Le 21 avril 2002, quand 5 ans de gouvernement de gauche avaient abouti à la bombe Le Pen au second tour. Celle-ci a bien explosé. 12 ans plus tard, un second souffle n'est pas à exclure. Et Mediapart relève : avec les 3 ministres sortants - Montebourg, Hamon, Filipetti - c’est « La génération 21 avril (qui) est au pied du mur ». Cette génération qui pense, à tort ou à raison, que le Pen est arrivé au second tour parce que la gauche n'avait pas été assez de gauche, pas assez proche du peuple. Il y a de cela dans la lettre de rupture d’Aurélie Filipetti au président de la République. Elle est à lire sur lemonde.fr « Je ne serai pas cher François Candidate à un nouveau poste ministériel. Il y a un devoir de responsabilité vis à vis de ceux qui nous ont fait ce que nous sommes. »

"Reste-t-il à la tête de l'exécutif quoi que ce soit qui l'identifie à la gauche ? se demande Patrick Appel Muller dans L'Humanité . L'Huma qui tranche cette question pour sa part avec ce titre de Une : « Dissolution du gouvernement, garde à vous libéral »

Le gouvernement accusé de trahir la gauche d'un côté. Poussé de l’autre à réformer plus vite et plus fort dans le sens de la politique de l'offre. Par la voix de Jacques Attali par exemple dans Les Echos. « Il ne reste plus que quelques semaines pour lancer les réformes»

Au cœur de tous ces déchirements, un parti, qui tient pourtant à peu près toutes les rênes du pouvoir. Pour le politologue Gérard Grunberg dans L'Opinion , sur une échelle de 1 à 10, la crise que traverse le PS est au niveau 9. "Le mouvement socialiste s'est bâti sur l'idée qu'il fallait d'abord privilégier l'unité : peu importe ce que l'on pense du moment qu'on est uni. Le problème, c'est qu'à force de ne pas regarder les questions en face, le parti se casse tout de même. Le PS peut-il encore gouverner ? A mon avis, la question maintenant se pose. »

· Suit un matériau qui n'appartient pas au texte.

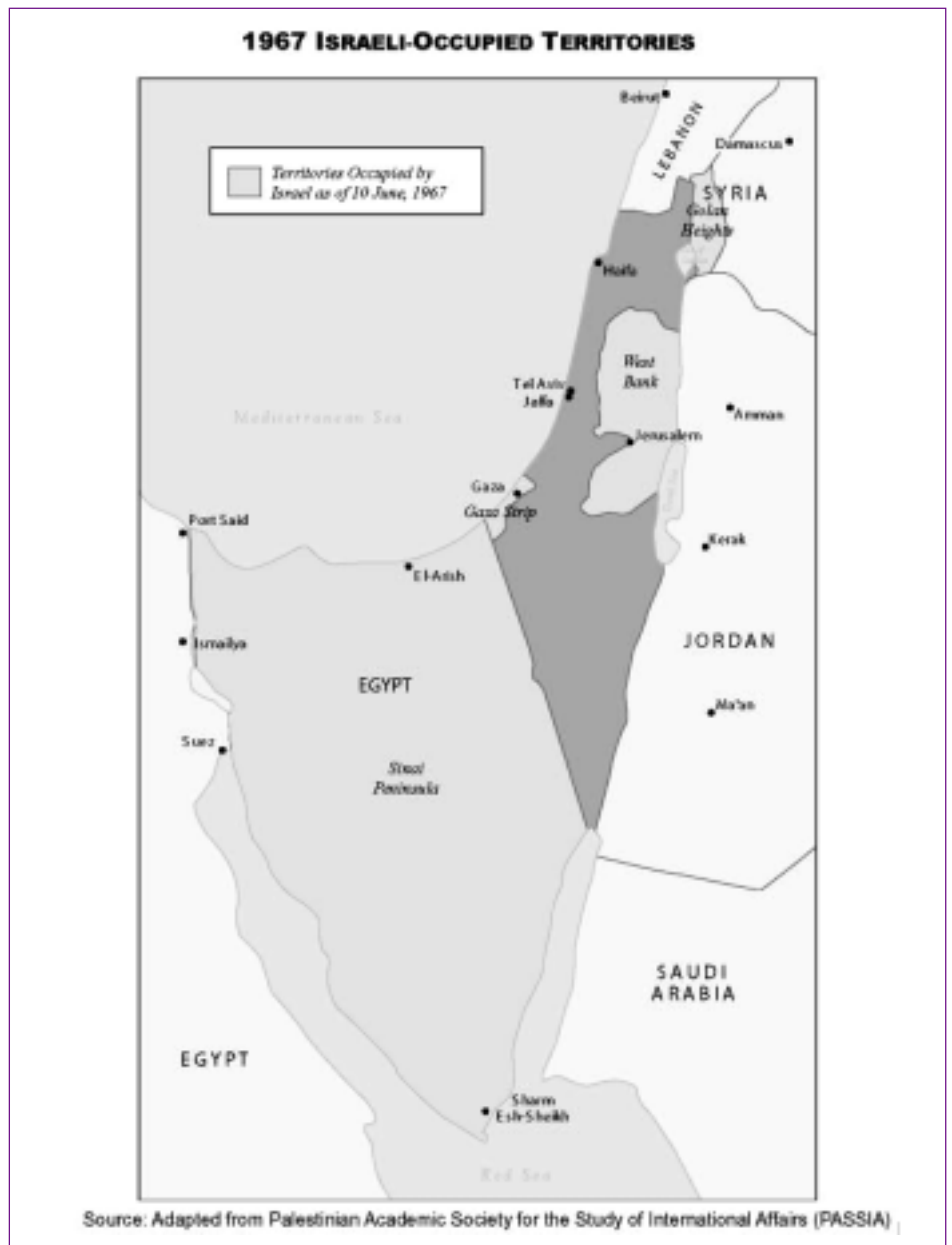
Israel in den Grenzen der Waffenstillstandslinie von 1967. Seitdem sind umfangreiche Gebiete durch neuere Siedlungen hinzugekommen.

Aus diesen Gründen sind die Maßnahmen des Mauerbaus eine Verletzung des IV. Genfer Abkommens und auch der Haager Landkriegsordnung. Diese Verträge tragen dem Sicherheitsbedürfnis der Besatzungsmacht durchaus Rechnung, aber eben nur insofern, als die spezifischen Regeln das vorsehen. Diese Vorschriften stellen bereits einen Kompromiss zwischen den Bedürfnissen der Besatzungsmacht und dem Schutz der Bevölkerung des besetzten Gebiets dar. Dieser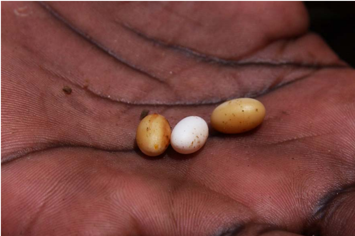
Eier eines Chamäleons

Je nach der Gattung dauert es 3 bis 12 Monate, bis aus den Eiern Jungtiere schlüpfen.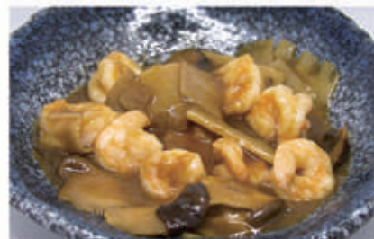
92. GAMBERI FUNGHI E BAMBÙ 2,6,11 € 8,00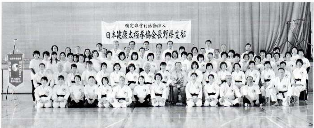
下諏訪体育館にて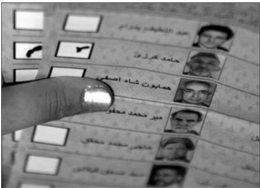
لیستی كاندیداكانى سەر کۆماریي ئەفغانستان

۳- ھەلېئاردن یەكێك لە بنەماكانى دیموكراسى یە. بەشداریی گشت لایەنەى ئەفغانى یەكان لەو ھەلېئاردنەدا نیشانەى ئەو یە كە ئەوان سوورن لەسەر ئەو یە بە پێكھاتەییەكى نوێو لەسەر بنەمای دیموكراسى و پلۇرالیزم و نەزم و یاسا لێك بگەن. ئەو لە حالىك دایە كە ئەفغانستان چوار سالا لە قەیرانى تراژىكى ۳۰ سالی نیوخۆى و حاكیمیەتى ۵ سالی سەدە ناوەرپاستىیانەى تالیبان و ئەلقاعیدە رزگاربان بوو. ئەفغانەكان بەو ھەنگارە نەتەو یە یە ھەنگاویكى گەورەیان بەرەو دیموكراسى ھەلگرت. گۆفارى "ئێكۆنۆمىست" لەو پێنەندى یەدا دەلى: ئەفغانى یەكان شتیكى ئەوتۆ لە دیموكراسى نازانن،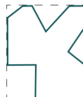
Ejemplos formas Exemples formes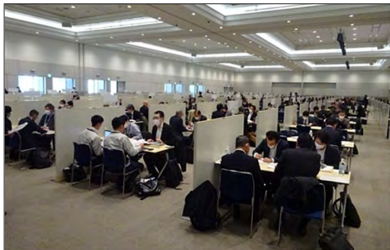
令和5年度に実施した「九都県市合同商談会2024」の商談風景 (会場:パシフィコ横浜 アネックスホール)

首都圏産業の国際競争力の強化を図るため、平成20年度から九都県市(埼玉県、千葉県、東京都、神奈川県、横浜市、川崎市、千葉市、さいたま市、相模原市)が連携して合同商談会を開催し、今回で第17回目を迎えます。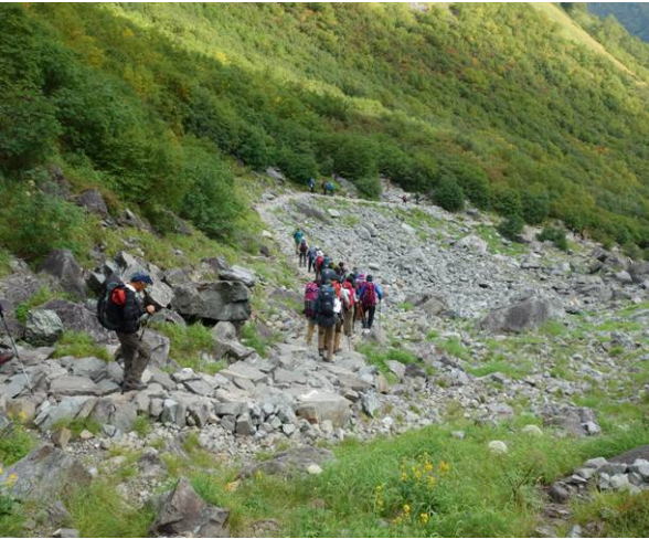
ヒュッテより涸沢小屋分岐へ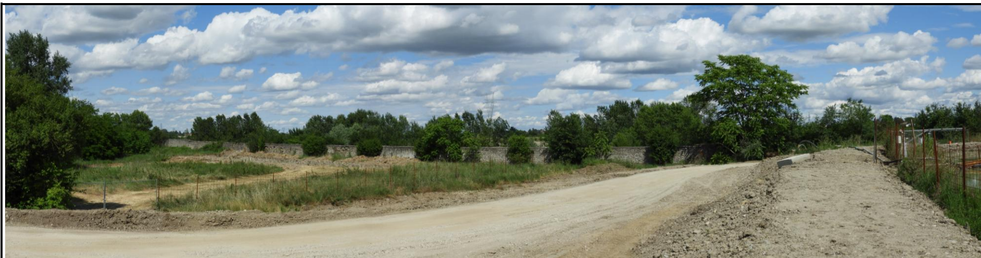
📍 Foto 1: Panoramica dell'area d'intervento ripresa dal lato sud sede della pista camionale, verso est Si noti sullo sfondo il muraglione e la presenza di rinverdimento spontaneo

Crise de parti, crise de régime...

On y vient, avec le constitutionnaliste Dominique Rousseau dans Libération . Sans les communistes, les mélenchoniens, les écolos, les radicaux, ni les centristes mais avec des frondeurs qui ont le vent en poupe, la majorité est plus qu'étroite au parlement. Conflit entre deux institutions désignées au suffrage universel : le président de la République et le Parlement. « Les institutions ne permettent pas aujourd'hui de trouver une solution de compromis à ce conflit. »

Dans ce contexte, Alexis Brézet le directeur des rédactions du Figaro a beau jeu d'appeler à la dissolution, voire, à demi plume, à la démission du président de la République. On peut aussi faire valoir avec la presse ce matin que la droite n'est pas prête à gouverner et que si la majorité tangue, elle tient toujours, que les frondeurs n'auront pas l'envie ou les moyens de renverser le gouvernement.

Reste un président seul sous la pluie hier à l'ile de Sein. Photo dans tous vos des journaux. Costume détrempé, lunettes embuées. Posture stoïque. Gouverner c'est prévoir, a-t-on l'habitude de dire. En cette rentrée 2014, gouverner, c'est pleuvoir.